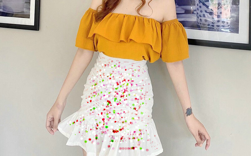 Váy đuôi cá ôm sát phần hông rồi loe nhẹ ở gấu giúp tôn dáng tối đa, và khi đi cùng áo trễ vai, hiệu ứng này càng rõ rệt. Hoàn thiện diện mạo bằng giày cao gót mũi nhọn và khuyên tai dài để tăng thêm nét quyến rũ.
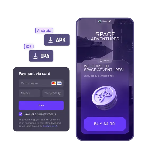 在您自主发行的APK或IPA包中直接内嵌艾克索拉支付,为您的玩家提供无缝的APP内购买体验,实现收益体验双收。
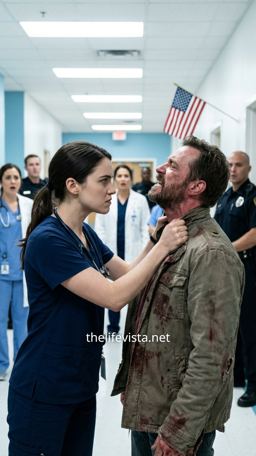 Two security guards rushed him. Reed reacted with instincts carved into him years earlier on a battlefield. One guard hit the floor hard enough to crack tile. The other was hurled into a supply cart. Chaos erupted instantly—patients scrambling away, nurses backing off, alarms shrieking through the department.
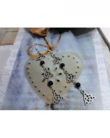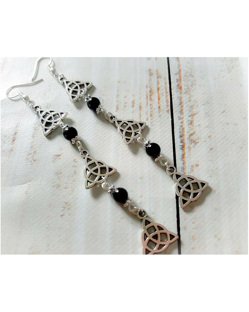 Nincs szín - Triquetra fülbevalók, obszidián fülbevalók, természetes kőből készült fülbevalók, pogány ékszerek
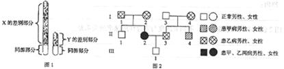 (1)图1是人类性染色体的差别部分和同源部分的模式图。有一种遗传病,仅有父亲传给儿子不传给女儿,该致病基因位于图中的 部分。

**EXERCISE OBJECTIVE**. Leaving every image behind, repeat the data in full and exactly.

**RESPONSE TO THIS EXERCISE**.
 Váy đuôi cá ôm sát phần hông rồi loe nhẹ ở gấu giúp tôn dáng tối đa, và khi đi cùng áo trễ vai, hiệu ứng này càng rõ rệt. Hoàn thiện diện mạo bằng giày cao gót mũi nhọn và khuyên tai dài để tăng thêm nét quyến rũ.
 在您自主发行的APK或IPA包中直接内嵌艾克索拉支付,为您的玩家提供无缝的APP内购买体验,实现收益体验双收。
 Two security guards rushed him. Reed reacted with instincts carved into him years earlier on a battlefield. One guard hit the floor hard enough to crack tile. The other was hurled into a supply cart. Chaos erupted instantly—patients scrambling away, nurses backing off, alarms shrieking through the department.
 Nincs szín - Triquetra fülbevalók, obszidián fülbevalók, természetes kőből készült fülbevalók, pogány ékszerek
 (1)图1是人类性染色体的差别部分和同源部分的模式图。有一种遗传病,仅有父亲传给儿子不传给女儿,该致病基因位于图中的 部分。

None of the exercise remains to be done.